Materials and Methods

The comparison was performed on 42 cases, 23 males and 19 females, with the mean age of 72.6 ± 9.9 (mean ± SD) years. The imaging protocols were approved by the institutional review board, and written informed consent was obtained for each enrolled case. The average injected dose of florbetapir ¹⁸F was 369.0 ± 34.2 (mean ± SD) in a volume of 10 mL or less. Imaging began 50 min after intravenous injection of florbetapir ¹⁸F. Data were reconstructed using the vendor's reconstruction software. Standard PET corrections including random, scatter, and attenuation corrections were applied. The magnetic resonance imaging (MRI) data, which were obtained within 3 months of the PET study, were also transferred to the same platform. Various MRI systems were used including Ingenuity (Philips Medical Systems), Signa (GE Medical Systems), Allegra, Avanto and mMR Biograph (Siemens Medical Systems). The majority of the MRI scans were T2 flair scans, but some of them were also T2 star and T1 flair scans. The MRI scans had different resolutions and matrix sizes as coming from different MRI systems. In two cases, the quality of MRI scans was inadequate for PMOD Neuro analysis and was omitted.

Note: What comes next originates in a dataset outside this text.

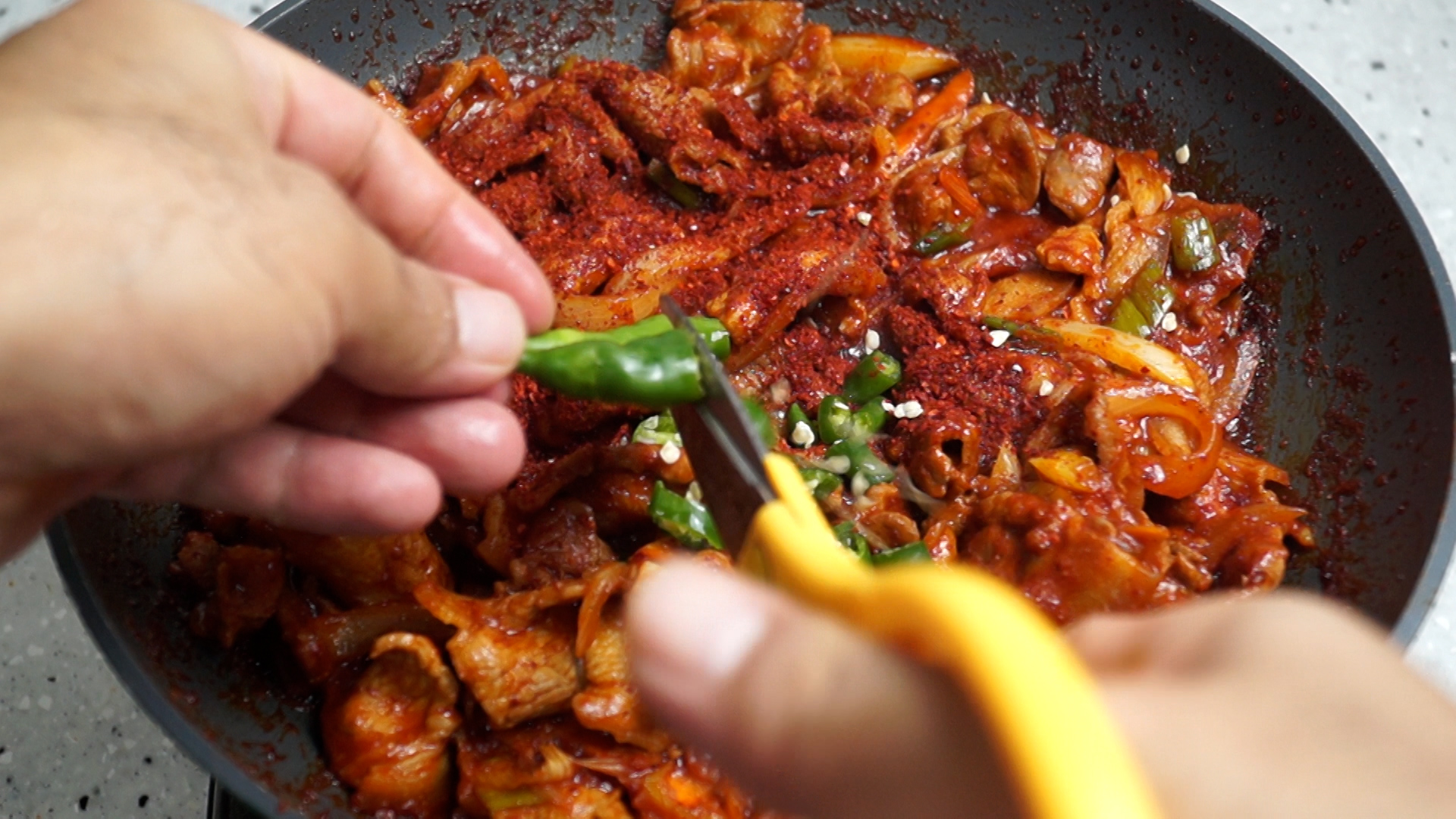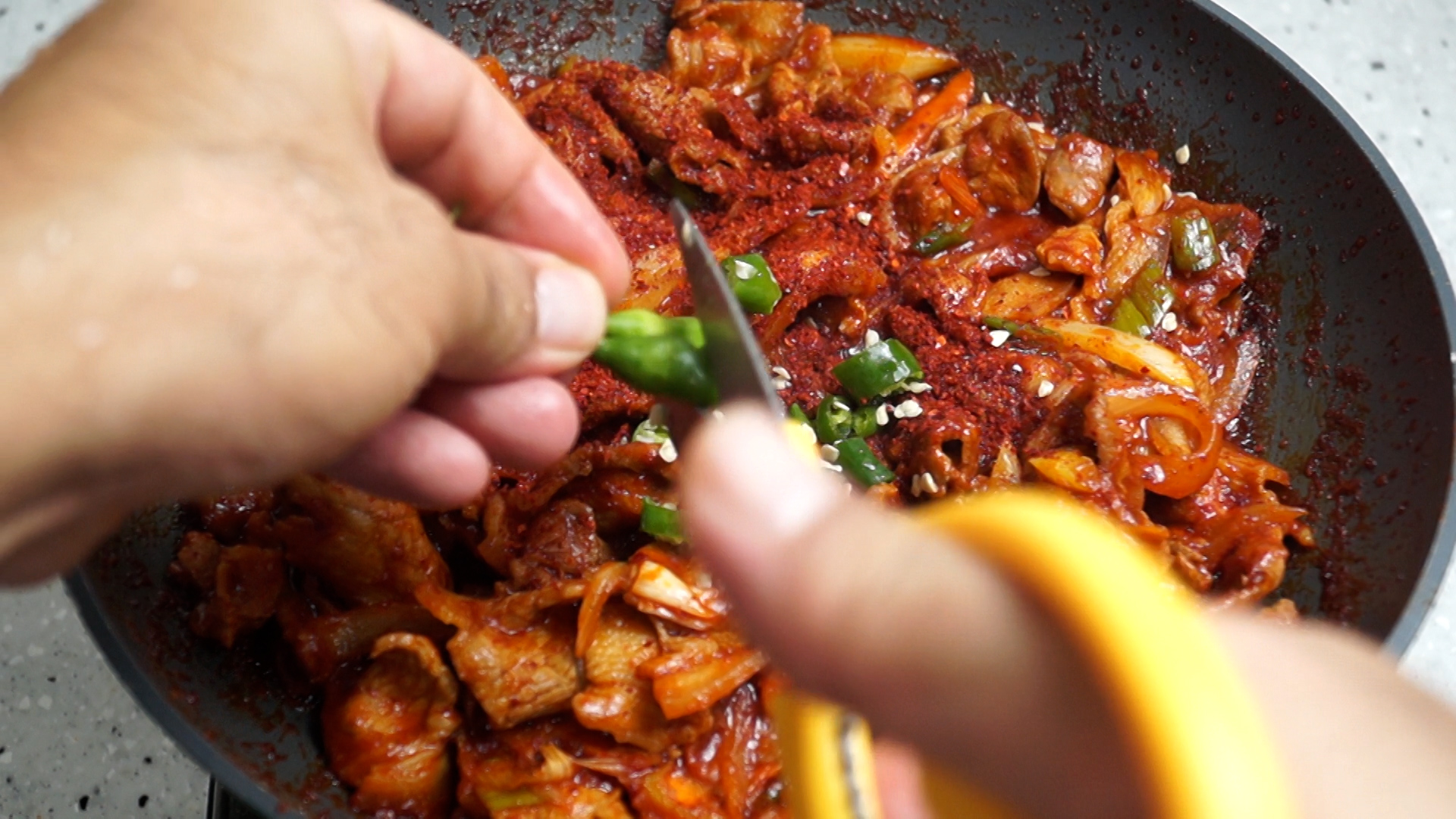 20. 2단계 매콤한 제육은 야채넣고 1분만 볶은 다음에 고춧가루 1스푼과 땡초 매운걸로 2개를 넣고 1분을 더 볶아주세요.

Alzheimer's disease neuroimaging initiative

Data used in the preparation of this article were obtained from the Alzheimer's Disease Neuroimaging Initiative (ADNI) database (adni.loni.usc.edu). The ADNI was launched in 2003 as a public-private partnership, led by Principal Investigator Michael W. Weiner, MD. The primary goal of ADNI has been to test whether serial magnetic resonance imaging (MRI), positron emission tomography (PET), other biological markers, and clinical and neuropsychological assessment can be combined to measure the progression of mild cognitive impairment (MCI) and early Alzheimer's disease (AD).

Image analysis

Images were downloaded from LONI (http://www.loni.usc.edu/) system and transferred to two common computer systems. First was a workstation with an MIM Neuro application (MIM Software Inc., Cleveland, OH, USA, Version 6.4). MIM Neuro application has a semiautomatic program for florbetapir ¹⁸F SUVr calculation using three standard PET templates such as normal, MCI, and AD template. The program uses data from Clark et al.[6] and is using PET data only [Figure 1]. In addition, the PET scans from each study were visually evaluated and scored as amyloid-positive or amyloid-negative study. The second system has a PMOD Neuro application (PMOD Technologies Ltd., Version 3.5). In addition to PET data, the PMOD Neuro application [Figure 2] uses MRI data to better delineate six targets cortical ROIs (frontal, temporal, parietal, anterior cingulate, posterior cingulate, and precuneus), as well as the cerebellum, to calculate cortical-to-cerebellum SUVr. The PMOD Neuro application reads both PET and MRI studies usually as DICOM studies but can also read other formats. After reading the PET and MRI data, PMOD Neuro application performs segmentation of MRI image into gray matter, white matter and CSF area, matches PET and MRI images, and performs normalization using the tissue probability maps from SPM8 (Wellcome Trust Centre for Neuroimaging, London, UK). It then provides delineation of the brain areas and performs regional analysis for different ROIs. Here, gray matter-weighted volumes of interest (VOI) were based on the anatomical automatic labeling (AAL) atlas[7] to measure tracer uptake in major brain regions. PMOD Neuro also includes the N30R83 Maximum Probability atlas and allows the creation of user-defined atlases.[8] PMOD Neuro prefers high-resolution T1-weighted MRI images for more accurate brain segmentation, but according to our experience, it works with MRI T2 and T1 medium resolution images as well. The final step in PMOD Neuro analysis was saving VOIs statistics and normalizing six targets cortical VOIs SUVs with the whole cerebellar mean uptake.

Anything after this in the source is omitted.